**Task requirements:** The answer must consist of every line in the records that contains the word "Tower".

═══ Data to use

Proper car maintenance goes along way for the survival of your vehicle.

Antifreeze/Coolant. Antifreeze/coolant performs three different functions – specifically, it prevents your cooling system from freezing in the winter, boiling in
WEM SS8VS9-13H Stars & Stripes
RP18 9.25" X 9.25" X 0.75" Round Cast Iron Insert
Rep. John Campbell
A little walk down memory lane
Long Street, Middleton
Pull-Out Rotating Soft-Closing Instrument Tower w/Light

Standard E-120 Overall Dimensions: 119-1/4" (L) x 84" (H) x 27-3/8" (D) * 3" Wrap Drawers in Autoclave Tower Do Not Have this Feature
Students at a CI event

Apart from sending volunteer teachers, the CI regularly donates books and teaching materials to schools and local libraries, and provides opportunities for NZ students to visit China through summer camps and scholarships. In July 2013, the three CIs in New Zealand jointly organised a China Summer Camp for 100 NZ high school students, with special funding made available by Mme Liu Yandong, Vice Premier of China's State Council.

══════
═══ Data to use

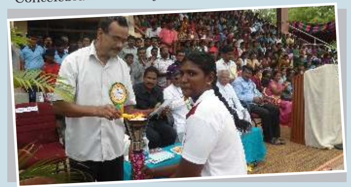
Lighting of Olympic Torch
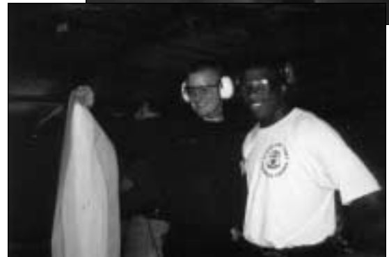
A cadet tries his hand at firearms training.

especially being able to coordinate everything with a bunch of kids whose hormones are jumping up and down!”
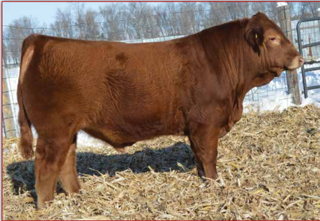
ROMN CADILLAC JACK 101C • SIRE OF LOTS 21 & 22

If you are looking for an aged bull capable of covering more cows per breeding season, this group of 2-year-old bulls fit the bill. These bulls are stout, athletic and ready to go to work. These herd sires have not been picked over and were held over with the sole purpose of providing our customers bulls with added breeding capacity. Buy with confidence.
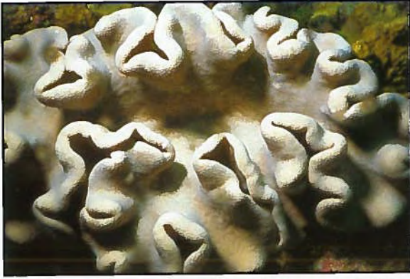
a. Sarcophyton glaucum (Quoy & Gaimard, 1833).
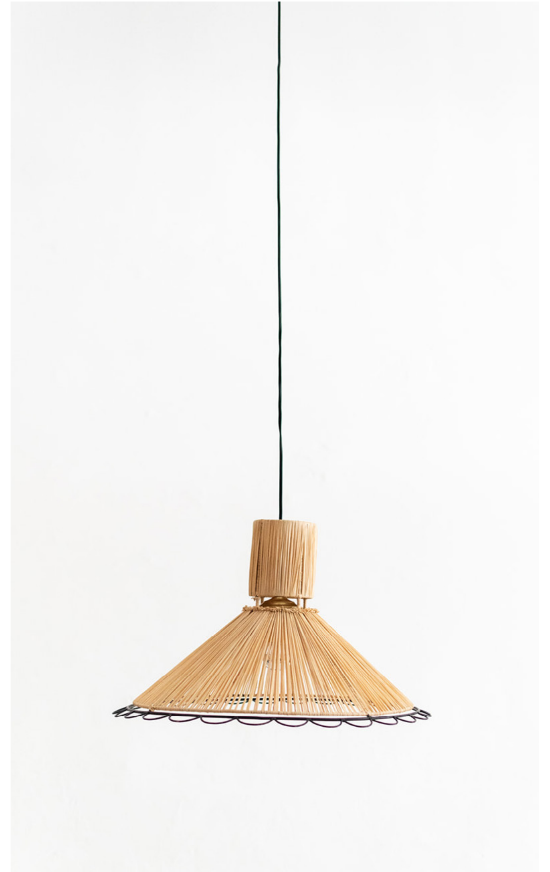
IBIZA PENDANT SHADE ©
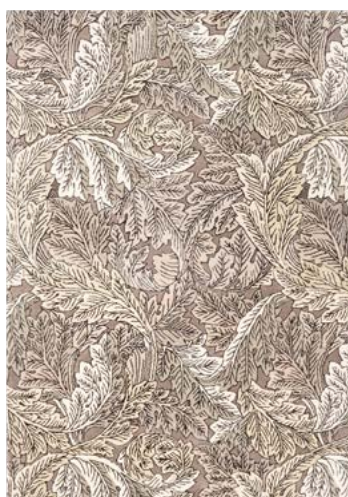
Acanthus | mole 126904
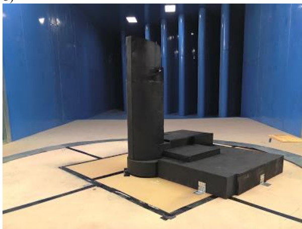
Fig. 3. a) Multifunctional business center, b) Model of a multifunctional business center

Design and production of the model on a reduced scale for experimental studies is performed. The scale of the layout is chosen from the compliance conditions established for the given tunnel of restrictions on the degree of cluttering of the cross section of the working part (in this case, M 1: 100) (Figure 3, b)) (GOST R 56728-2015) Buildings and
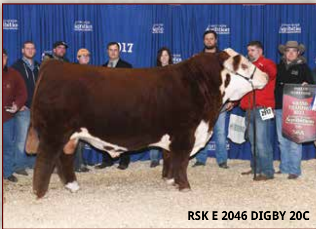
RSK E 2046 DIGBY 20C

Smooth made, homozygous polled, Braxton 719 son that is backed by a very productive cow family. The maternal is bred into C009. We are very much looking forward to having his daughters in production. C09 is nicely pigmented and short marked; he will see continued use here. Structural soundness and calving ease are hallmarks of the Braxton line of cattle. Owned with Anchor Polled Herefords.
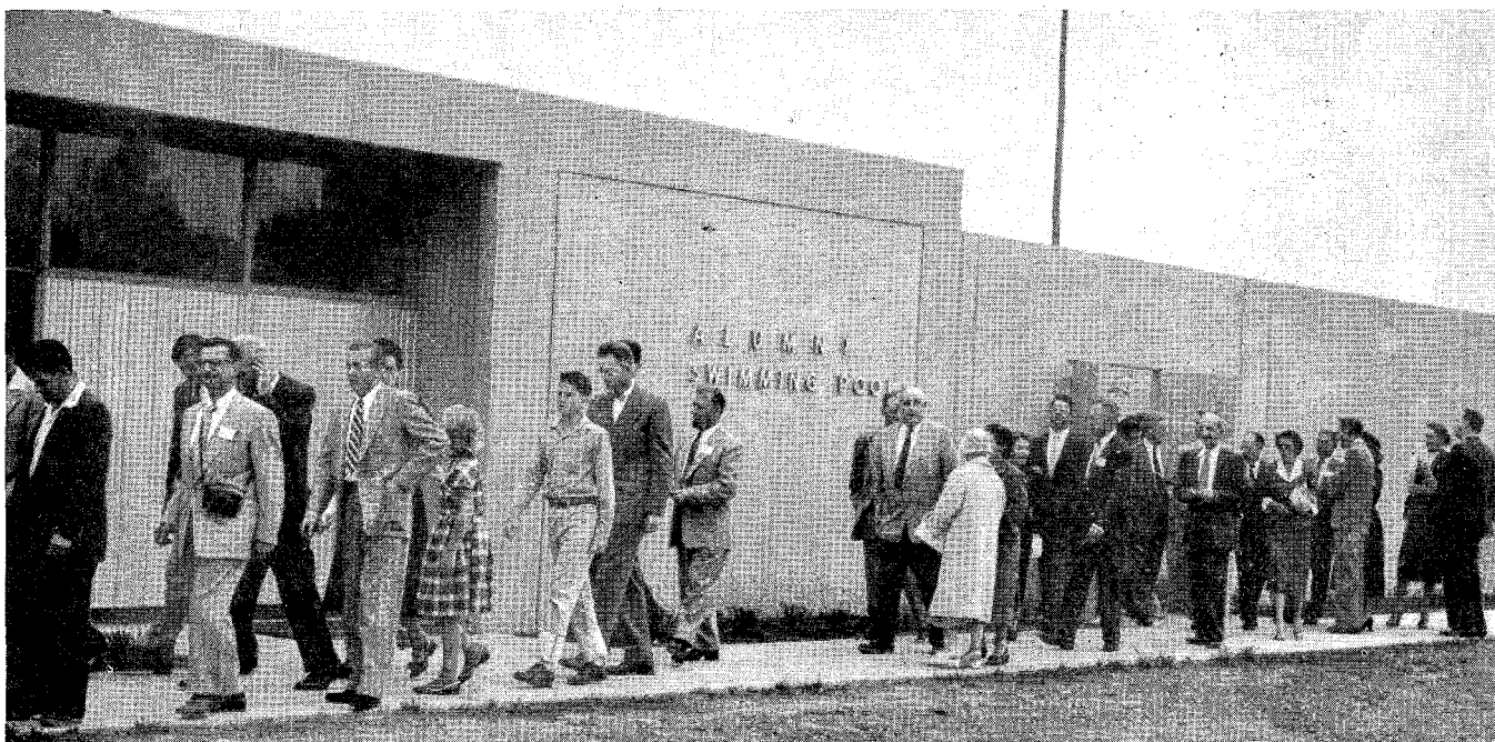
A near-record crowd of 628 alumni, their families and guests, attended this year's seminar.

══════
═══ Data to use

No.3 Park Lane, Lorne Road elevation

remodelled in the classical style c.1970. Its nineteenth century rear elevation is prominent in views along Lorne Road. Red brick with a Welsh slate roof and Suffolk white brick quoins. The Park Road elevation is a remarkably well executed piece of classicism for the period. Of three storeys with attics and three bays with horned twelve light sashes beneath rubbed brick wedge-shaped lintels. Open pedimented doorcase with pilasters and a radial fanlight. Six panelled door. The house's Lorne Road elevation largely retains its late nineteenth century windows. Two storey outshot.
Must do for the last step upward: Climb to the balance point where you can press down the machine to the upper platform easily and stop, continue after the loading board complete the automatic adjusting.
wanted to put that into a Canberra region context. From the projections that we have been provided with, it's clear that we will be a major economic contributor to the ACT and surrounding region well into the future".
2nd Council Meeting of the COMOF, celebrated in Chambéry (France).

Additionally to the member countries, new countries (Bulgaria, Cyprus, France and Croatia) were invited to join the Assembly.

══════

**Result:**
Pull-Out Rotating Soft-Closing Instrument Tower w/Light
Standard E-120 Overall Dimensions: 119-1/4" (L) x 84" (H) x 27-3/8" (D) * 3" Wrap Drawers in Autoclave Tower Do Not Have this Feature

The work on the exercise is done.